■ Problem description: Output, exactly as written, the lines below starting at the line containing "比如,就在不久前,Shopee 马来西亚站正式宣布将于 2024" and ending at the line containing "동대문구 18일 저소득". Drop the pictures and keep both end lines.

■ The input:
- Opening Delimiter -

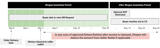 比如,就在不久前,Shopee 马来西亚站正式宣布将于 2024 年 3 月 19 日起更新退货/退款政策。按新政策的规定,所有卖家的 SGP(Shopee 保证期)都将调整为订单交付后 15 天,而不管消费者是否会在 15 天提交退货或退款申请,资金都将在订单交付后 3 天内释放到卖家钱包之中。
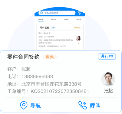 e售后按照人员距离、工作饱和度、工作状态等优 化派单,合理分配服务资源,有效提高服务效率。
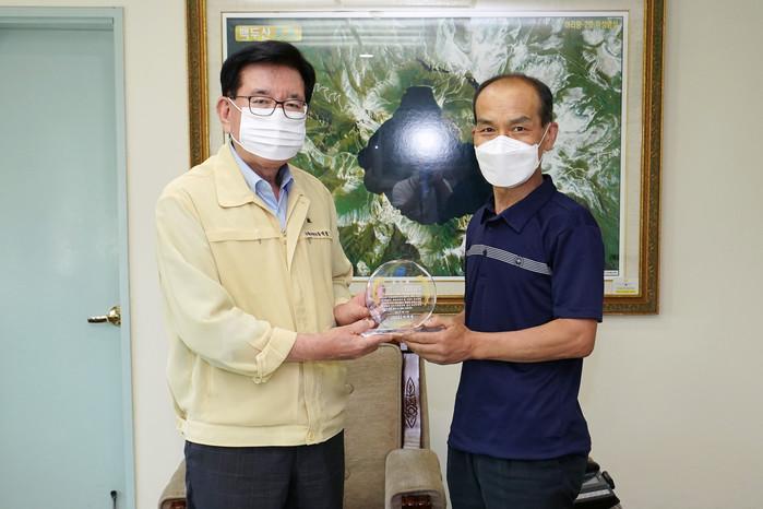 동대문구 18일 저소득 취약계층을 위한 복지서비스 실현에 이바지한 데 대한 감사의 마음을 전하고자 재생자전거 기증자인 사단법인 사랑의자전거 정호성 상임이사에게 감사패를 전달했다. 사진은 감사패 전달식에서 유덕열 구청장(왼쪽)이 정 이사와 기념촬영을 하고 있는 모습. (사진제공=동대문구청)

- Closing Delimiter -
- Opening Delimiter -

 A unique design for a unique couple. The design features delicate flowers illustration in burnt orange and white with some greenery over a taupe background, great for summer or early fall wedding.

- Closing Delimiter -

■ Result below:
 比如,就在不久前,Shopee 马来西亚站正式宣布将于 2024 年 3 月 19 日起更新退货/退款政策。按新政策的规定,所有卖家的 SGP(Shopee 保证期)都将调整为订单交付后 15 天,而不管消费者是否会在 15 天提交退货或退款申请,资金都将在订单交付后 3 天内释放到卖家钱包之中。
 e售后按照人员距离、工作饱和度、工作状态等优 化派单,合理分配服务资源,有效提高服务效率。
 동대문구 18일 저소득 취약계층을 위한 복지서비스 실현에 이바지한 데 대한 감사의 마음을 전하고자 재생자전거 기증자인 사단법인 사랑의자전거 정호성 상임이사에게 감사패를 전달했다. 사진은 감사패 전달식에서 유덕열 구청장(왼쪽)이 정 이사와 기념촬영을 하고 있는 모습. (사진제공=동대문구청)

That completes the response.